In other words, "not intending to" does not imply "will not".  It's just
potentially too easy to change SSE2 state by mistake.

And yes, this signal handler thing is clearly visible on benchmarks.
MUCH too clearly visible.  I just didn't see any safe alternatives
(and I still don't ;( )

		Linus

Newsgroups: fa.linux.kernel
From: Linus Torvalds <torvalds@transmeta.com>
Subject: Re: context switch vs. signal delivery [was: Re: Accelerating user
Original-Message-ID: <Pine.LNX.4.44.0208050922570.1753-100000@home.transmeta.com>
Date: Mon, 5 Aug 2002 16:39:34 GMT
Message-ID: <fa.m7f8dqv.17gi8gs@ifi.uio.no>

On Mon, 5 Aug 2002, Jamie Lokier wrote:

> Linus Torvalds wrote:
> > I agree that it is really sad that we have to save/restore FP on
> > signals, but I think it's unavoidable.
>
> Couldn't you mark the FPU as unused for the duration of the
> handler, and let the lazy FPU mechanism save the state when it is used
> by the signal handler?

Nope. Believe me, I gave some thought to clever things to do.

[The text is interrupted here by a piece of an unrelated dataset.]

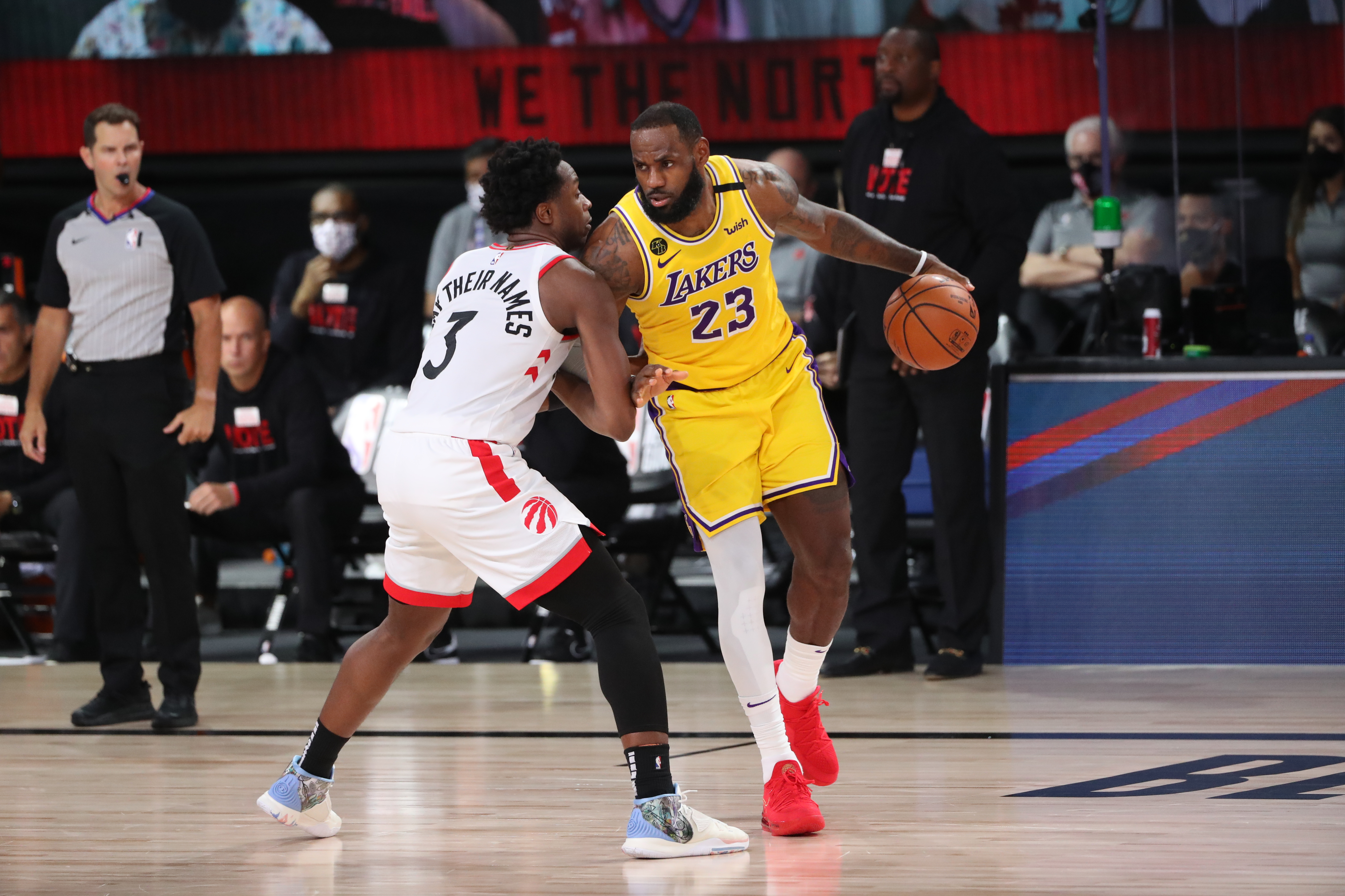 El base Kyle Lowry aportó un doble-doble de 33 puntos y 14 rebotes y seis asistencias que lo dejaron al frente del ataque de los Raptors de Toronto, actuales campeones de liga, que siguieron con su dominio sobre Los Angeles Lakers a los que vencieron por 107-92 en lo que fue su debut en la burbuja de Orlando.

The kernel won't even _see_ a longjmp() out of a signal handler, so the
kernel has a really hard time trying to do any clever lazy stuff.

Also, people who play games with FP actually change the FP data on the
stack frame, and depend on signal return to reload it. Admittedly I've
only ever seen this on SIGFPE, but anyway - this is all done with integer
instructions that just touch bitpatterns on the stack.. The kernel can't
catch it sanely.

> For sophisticated user space uses, like the above, I'd like to see
> a trap handling mechanism that saves only the _minimum_ state.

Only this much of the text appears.